Cultivating Positive Habits

People lined up on Osanbashi Pier in Yokohama awaiting the first 2012 sunrise.

2012 has arrived and most people have laid out their goals and resolutions for the year.  Other than setting running goals, I’ve decided I’m going to do something a little different this year for the other areas of my life and cultivate positive habits instead of setting any concrete goals.  It is a bit of an experiment, but I picked the idea up from the Zen Habits blog.

So this year I plan to focus on cultivating 4 habits daily.

1.  Limit my time being connected online.  This has been an area I drastically need improve upon, I waste entirely too much time browsing the Internet, social networks, and fooling around with my gadgets such my iPhone and Blackberry.  I asked my wife the other night how much my iPhone was costing us and she said $100 a month!  Wow, $100 a month!  After thinking about what I was using the iPhone for, which was basically keeping up with social networks and constantly checking e-mail, I decided I wasn’t getting $100 worth of utility out of the iPhone, so I’m planning to cancel my service this week.  So this will be the first step in rationing my time being connected.  I would also like to get rid of the Blackberry, but unfortunately it is required for work.  I also want to set aside limited time frames of the day to check the Internet and once the time limit is over, turn the computer off (not just sleep mode) and do something more productive (like read a book, cook a meal, clean a room, spend quality time with wife, meditate, etc.).

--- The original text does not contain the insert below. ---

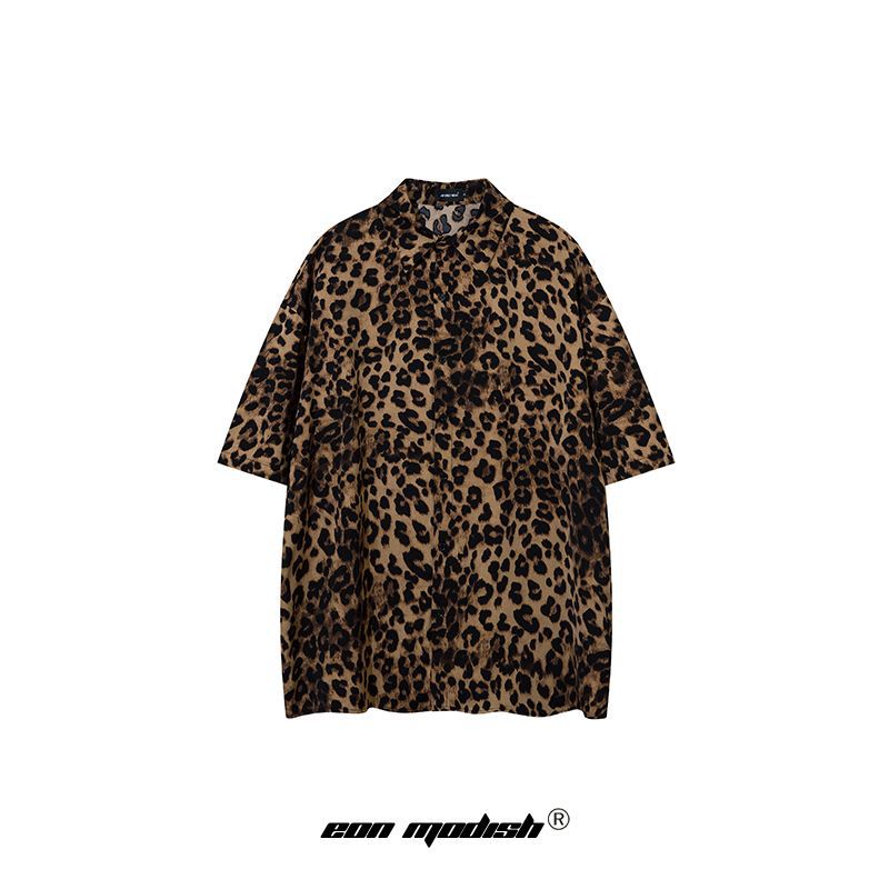 Oversize Leopard Print Short Sleeve Shirt WN13108

2.  Focus and live in the present moment.  I want to try and tame the mind and stay in the moment.  Basically try and focus on the task or person in front of me and “be there.”  I’ve been trying to do this for years, and although I’m a little better at it, I want to have that breakthrough where it is more of a habit than forced discipline.  Too often I’m planning for some future event and daydreaming while life passes by in front of me.  Or on a Sunday I’ll be dreading the prospect of going into work Monday morning instead of just enjoying the Sunday afternoon in front of me.

3.  Distinguishing between needs versus wants.  In a consumer society, marketers are geniuses at taking our wants and making us believe they are needs.  I’m certainly not against capitalism, but I want to be maintain a conscious distinction between what are truly wants and needs.  If it is truly a need, such as food, then I have no hesitation in buying healthy and high quality food.  But if it is a want, then I need to calculate the utility of the benefits of that product to determine if it is something I want to spend money on or invest time or effort in – like I did with my iPhone.  What I’m finding is that most things in life are wants and much of it detracts from the overall quality of your life.  There is a blog post from Money Mustache that talks to the concept of hedonic adaptation which I thought was an interesting take on how quickly we adapt to pleasure and our environment.

4.  Set aside 10 minutes a day to be with God.  Most likely I’ll do this before heading off to bed.